Everything from the line containing "authorities have discovered" to the end of the listing, both included, should be returned exactly, apart from the pictures.
***** Information provided
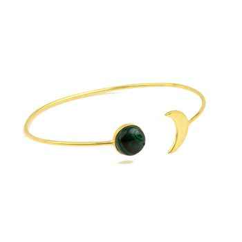 Hot Selling Women's 9mm Malachite Gemstone 18k Gold Plated Solid 925 Sterling Silver Dainty Moon Adjustable Open Cuff Bangle
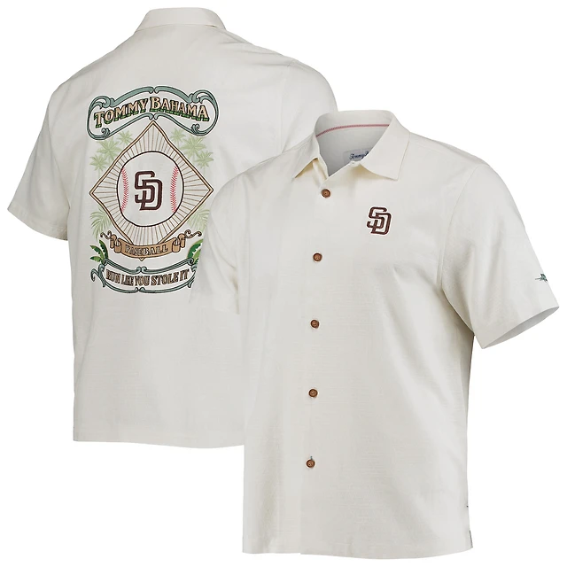 Chemise boutonnée pour homme Tommy Bahama Cream San Diego Padres Baseball Camp
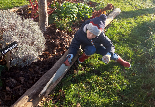 Essai de bordures avec des 1/4 de troncs de châtaignier.
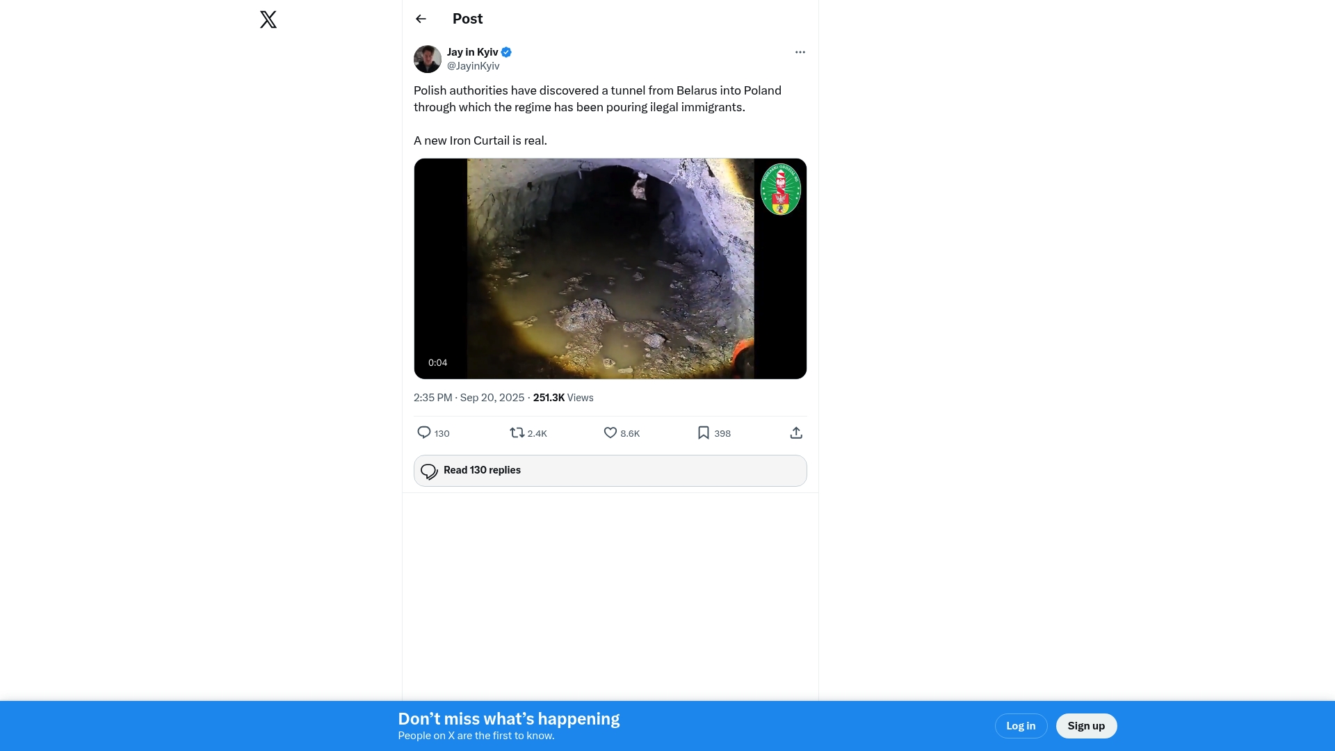 - "Polish authorities have discovered a tunnel from Belarus into Poland through which the regime has been pouring illegal immigrants."
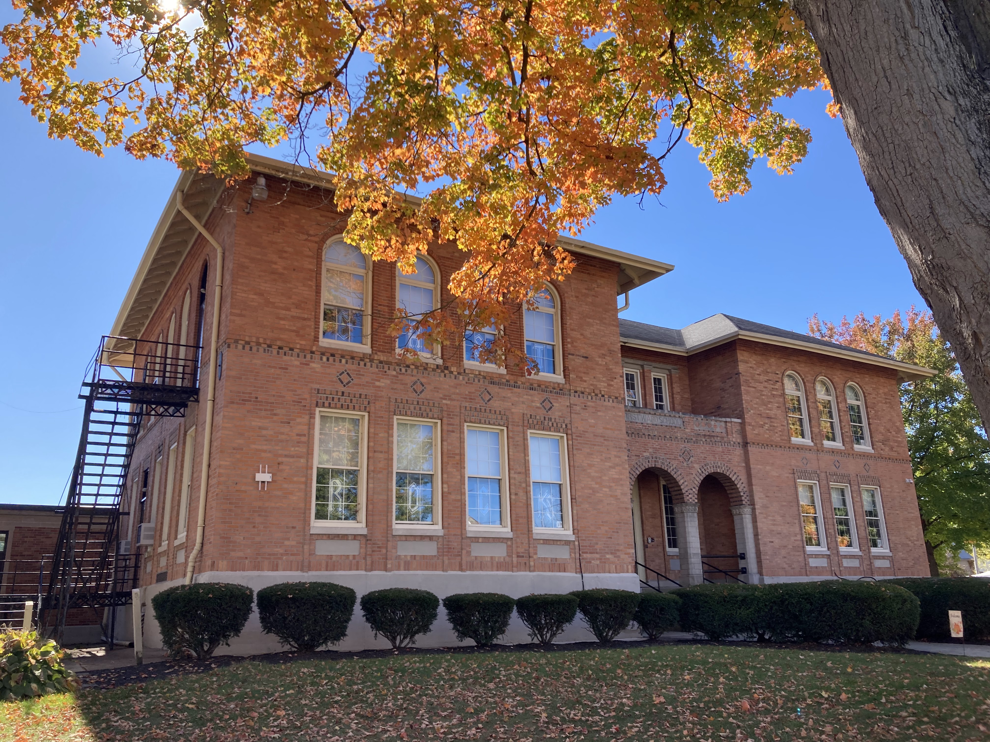 Today. Connected to a much larger building that sits in front of the Packard design.Based on the picture on the right, perhaps the east side of the building was the main entrance. Photo credit: Holmes County District Public Library.The Packard design is part of this much larger structure today.
**********
Solved exercise:
 - "Polish authorities have discovered a tunnel from Belarus into Poland through which the regime has been pouring illegal immigrants."
 Today. Connected to a much larger building that sits in front of the Packard design.Based on the picture on the right, perhaps the east side of the building was the main entrance. Photo credit: Holmes County District Public Library.The Packard design is part of this much larger structure today.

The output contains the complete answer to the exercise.